Your message was very inspirational. At first, I was reluctant to initiate it on my own site as I mused someone might put out a hit on me. Seriously, Bobby has probably donated more time (pro bono)to our game than any bridge personality around. I often wonder what would have happened in Asia if Bobby HAD NOT put a bug in their ears and then NOT followed up with their higher-ups). I keep repeating 200,000,000 kids. Lots of people have questioned if it is a typo! Believe me, it is real and they love it. He cringes at the thought of the game disappearing.

I enjoyed reading about the programs in Canada. We have several caring and determined individuals traveling around the country teaching and stressing how vital it is to go all out to install a teaching program for bridge in our schools. Attempts were actually made and failed. I know of an ultra wealthy bridge lover who donated BIG BUCKS in a concerted effort to introduce it into our educational process and failed. After three months this individual learned little had been accomplished and asked for (and received back) the unused three quarters of the original donation. Everyone is so in favor of bridge promotions in our zone. Why don't those with official authority take charge and make a concerted effort UNTIL THEY SUCCEED?

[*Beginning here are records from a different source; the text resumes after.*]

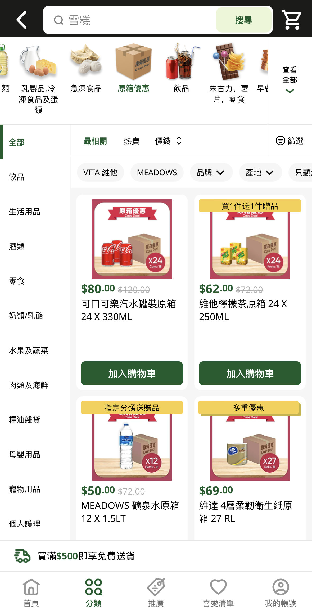 於網店選購紅、白餐酒滿$500即減$80 原箱以低至6折發售,無論汽水、飲品、零食及衞生紙等應有盡有 得寶無香衛生紙 原箱優惠:$89 (75折) 可口可樂 可樂罐裝原箱優惠:$92 (77折) 純甄 原味乳酪飲品原箱優惠:$88 (49折) 嘉頓香蔥薄餅 原箱優惠:$132 (49折)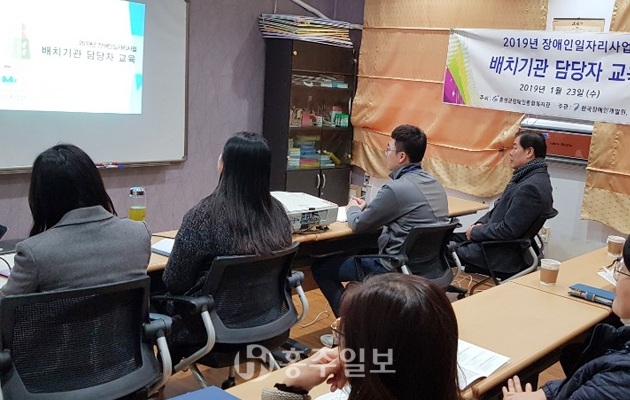 홍성군장애인종합복지관(관장 복천규)은 지난 23일 2019 장애인일자리사업 배치기관 담당자를 대상으로 장애인일자리사업 안내 및 복무규정안내, 직장 내 장애인식개선교육을 진행했다.<사진>
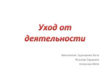 Уход от деятельности Выполнили Бурнашева Валя Исакова Сардаана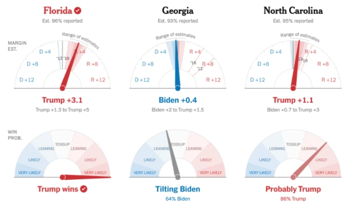 또한 올해의 변수 선거의 가장 큰 변수는 우편 투표를 비롯한 사전투표다. 어느 선거 때보다 사전투표 비율이 높았고 주별로 개표방식도 달랐기 때문에, 결과 예측에 신중을 기했어야했다. 뉴욕타임즈는 '니들'을 활용해 격전지의 당선가능성을 보여주었다. 주목해야할 부분은 오차범위를 표현한 음영으로, 결과를 속단하지 않게 해주었다. 가령, '현재 니들이 A후보를 향하고 있지만 B후보가 당선될 가능성도 충분히 있구나'라고 생각하게 도와준 것이다.

Otherwise, you can kiss the game goodbye.

Jane AFebruary 23rd, 2017 at 7:43 pm

Have you enjoyed the sectional? Are you staying at the hotel? I have not been going as I have other things occurring my time right now and I am leaving for a dog show tomorrow morning.

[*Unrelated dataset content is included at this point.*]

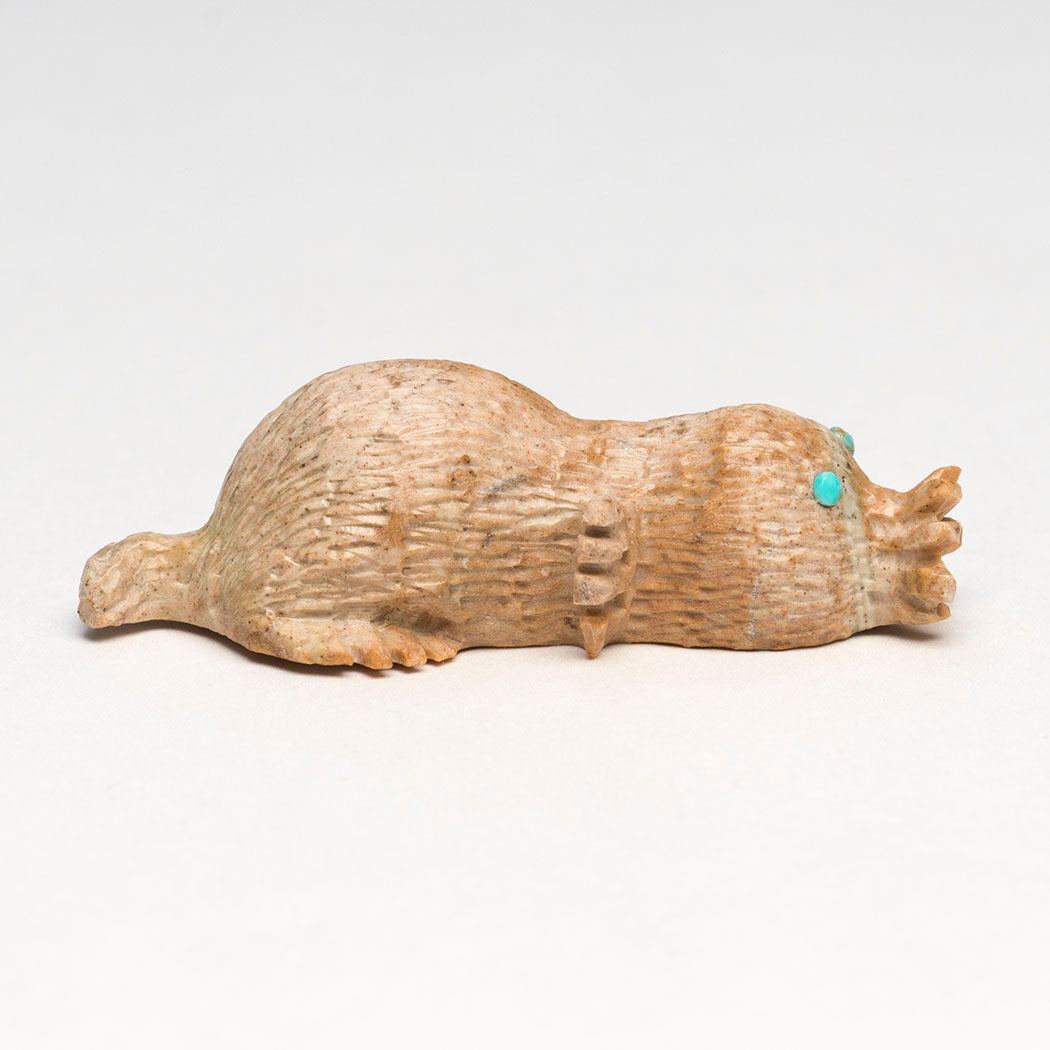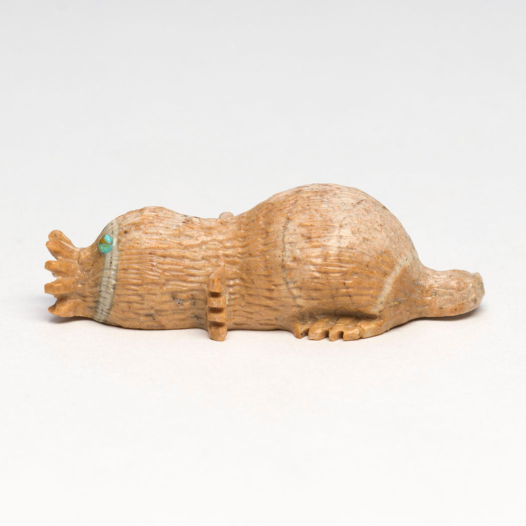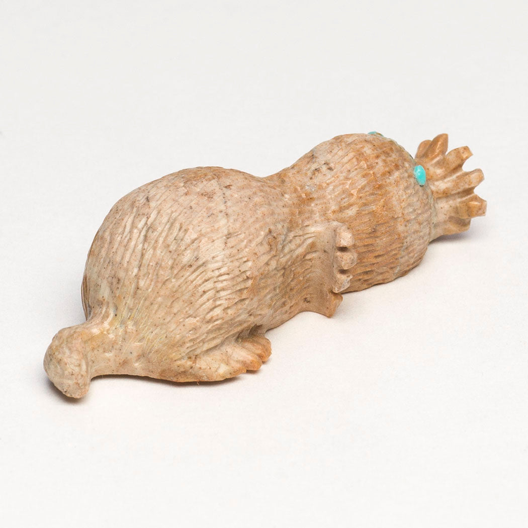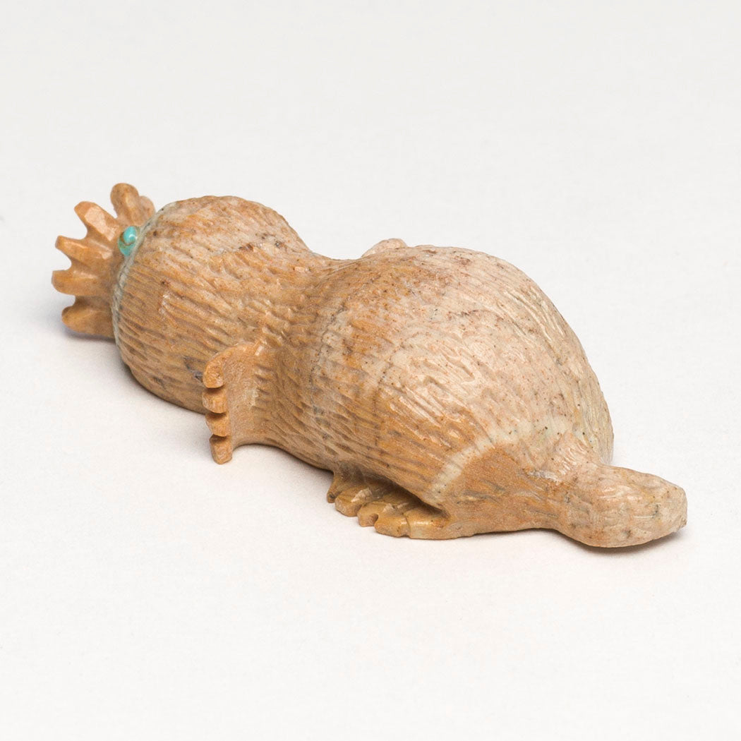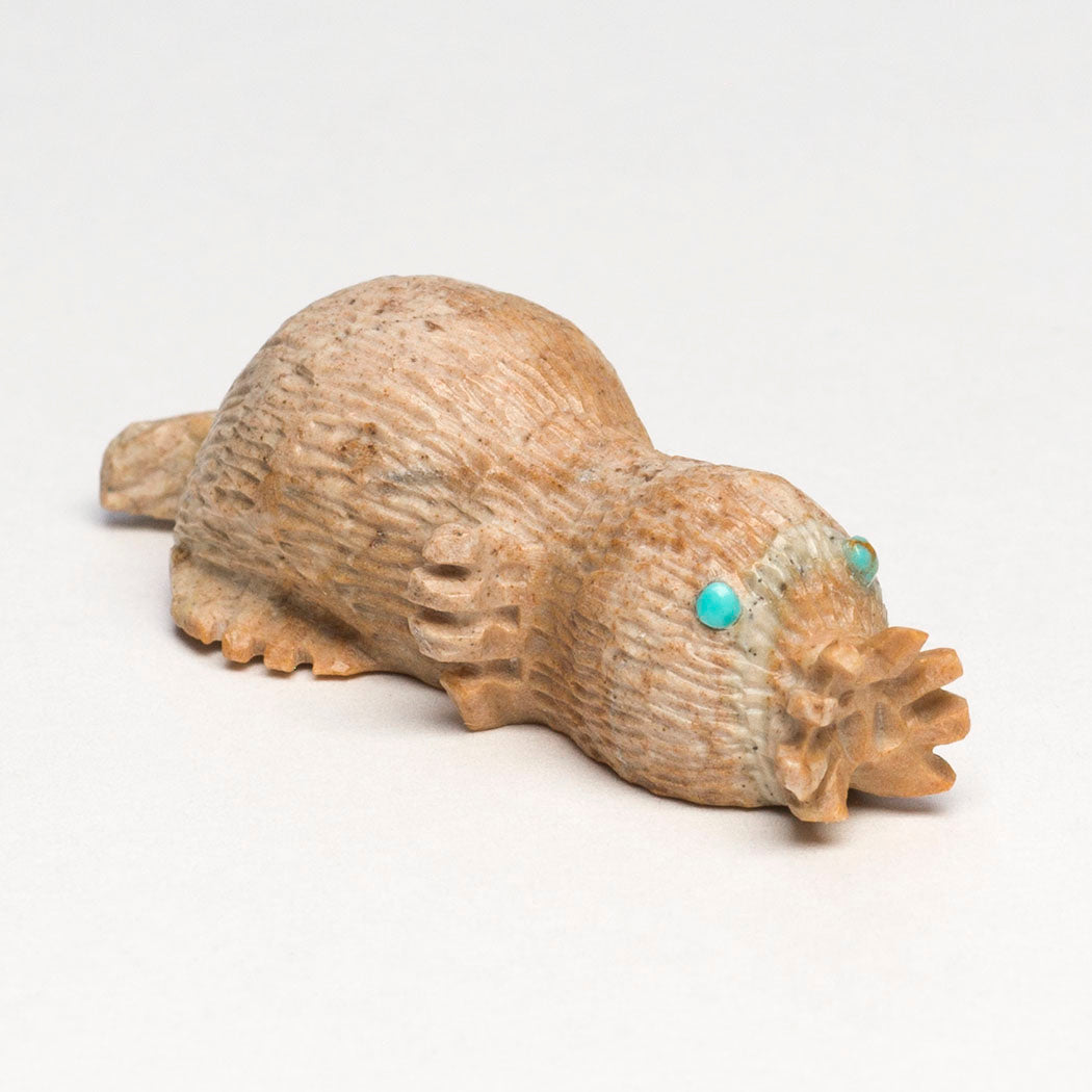 The star-nosed Mole is beloved for a stunning tentacled nose. It's a skilled swimmer and little carnivore with large front paws. The unique nose may detect electrical signals from prey, a special mammalian trait shared with the fascinating platypus. Bernie Laselute's Picasso marble star-nosed mole has wonderful tentacles or rays. Eyes are from turquoise inlays, one of which has a gorgeous natural golden matrix inclusion sort of shaped like a star. About 1 3/4" long, 5/8" wide and 1/2" tall.

Th topic of how to get bridge into the schools here is the USA is certainly not new and unfortunately, except for maybe a very few areas, bridge is not being offered at the elementary or high school level. There are lots of reasons why tournament attendance is down for the most part but that has been talked about before as well. I hope something can be done to keep bridge alive, but I don’t have much hope for it to become a regular class offered in schools here. If that ever happens, i think it would open a whole new world for so many younger people.

Judy Kay-WolffFebruary 23rd, 2017 at 8:57 pm

Hi Jane,

We missed you the last few days. It is rare for you to not make an appearance. We have been playing 10:00 and 3:00 for three straight days and though we were happy with our overall results, we had to take today off (as I knew I would feel like a zombie .. which I do). As much as I love the game .. growing older no doubt takes its toll on you. However, we are returning tomorrow for the Stratified Teams .. and then we retire till the Tuesday duplicate!

The bridge in the schools issue here needs the RIGHT, QUALIFIED BRIDGE PLAYERS at the helm but their minds are pointed in the wrong directions! Boards and committees are determined by popularity .. not necessarily individuals (though they love the game) who are interested in advancing the improvement and perpetuation of the game which is headed toward doom and disappearance here in our country. So be it! We will not be around.